## REQUIRED WORK
Set down the data below without change, skipping the pictures it holds.

## INPUT DATA
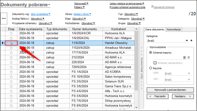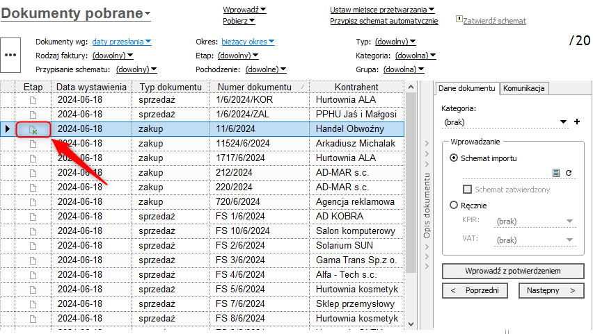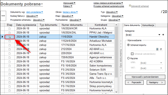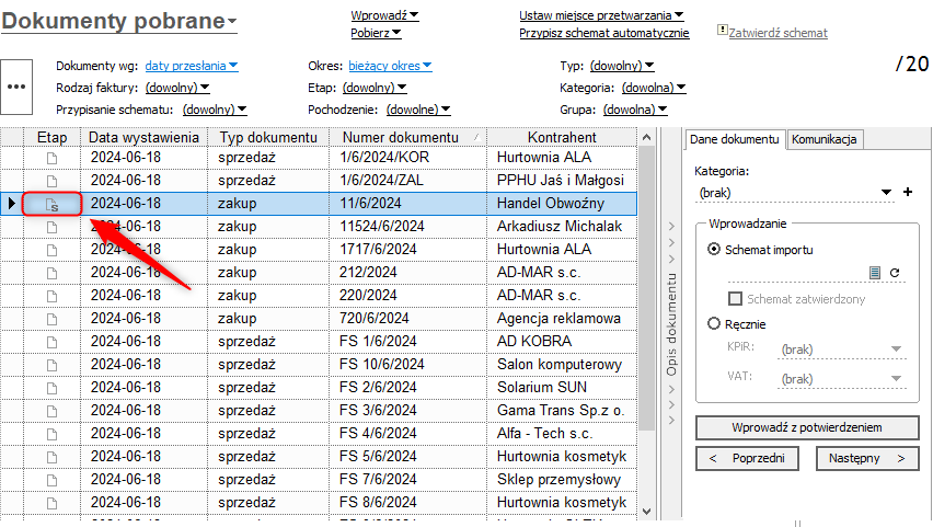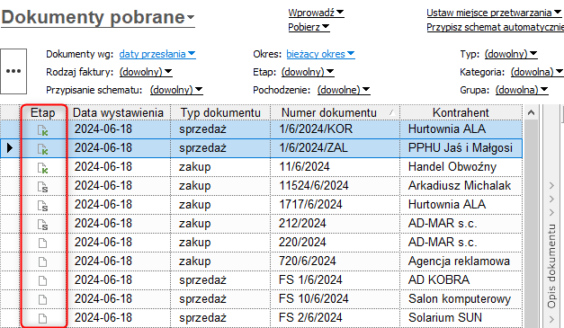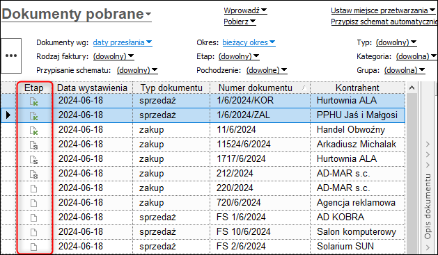 Do weryfikacji obecnego statusu dokumentu w module Dokumenty pobrane – dokumenty służy kolumna Etap przetwarzania dokumentu.
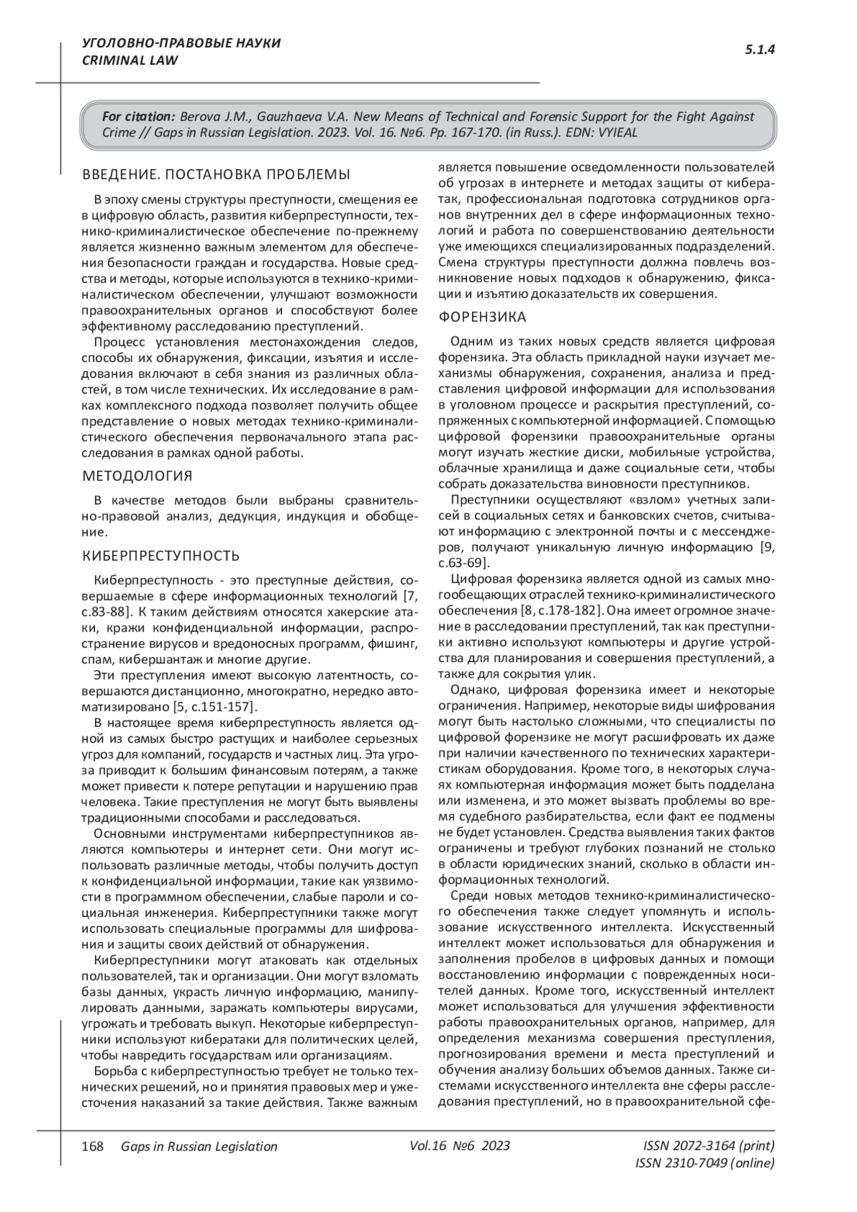 5. Долженко Н.И., Ярощук И.А. Киберпреступность как одна из ключевых проблем современности // Правовая парадигма. 2020. Т. 19. № 1. С.151-157. EDN: CAZUTZ
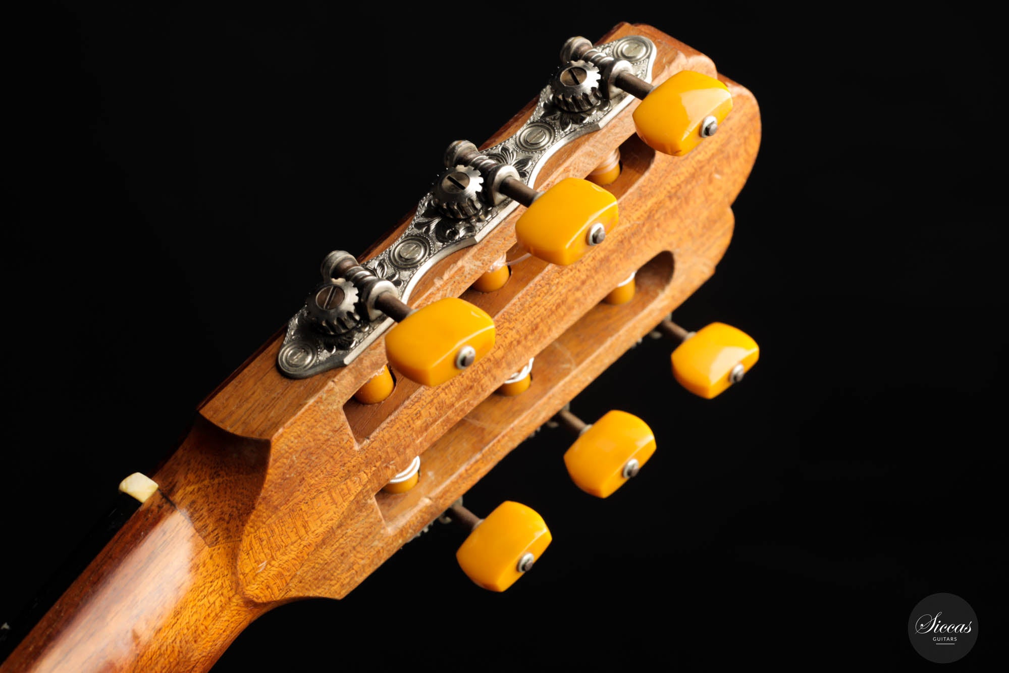 This 1954 model was owned by a Greek professional guitarist and professor, Charalambos Ekmetzoglou. It has only a small professionally repaired crack on the fingerboard. The spruce top shows only some playing wear and is completely free of cracks and repairs, as are its back and sides. The width of the neck was adapted to the needs of Charalambos Ekmetzoglou, so that the nut width is now 49 mm. In the course of this work, the fingerboard was also renewed and newly fretted. The varnish was freshened up. This is a remarkable guitar in very good condition from 1954, two years after Hermann Hauser II took over his father's workshop, and is a great and rare opportunity to acquire a guitar that is both historically and tonally interesting and exceptional.

## RESPONSE AREA
 Do weryfikacji obecnego statusu dokumentu w module Dokumenty pobrane – dokumenty służy kolumna Etap przetwarzania dokumentu.
 5. Долженко Н.И., Ярощук И.А. Киберпреступность как одна из ключевых проблем современности // Правовая парадигма. 2020. Т. 19. № 1. С.151-157. EDN: CAZUTZ
 This 1954 model was owned by a Greek professional guitarist and professor, Charalambos Ekmetzoglou. It has only a small professionally repaired crack on the fingerboard. The spruce top shows only some playing wear and is completely free of cracks and repairs, as are its back and sides. The width of the neck was adapted to the needs of Charalambos Ekmetzoglou, so that the nut width is now 49 mm. In the course of this work, the fingerboard was also renewed and newly fretted. The varnish was freshened up. This is a remarkable guitar in very good condition from 1954, two years after Hermann Hauser II took over his father's workshop, and is a great and rare opportunity to acquire a guitar that is both historically and tonally interesting and exceptional.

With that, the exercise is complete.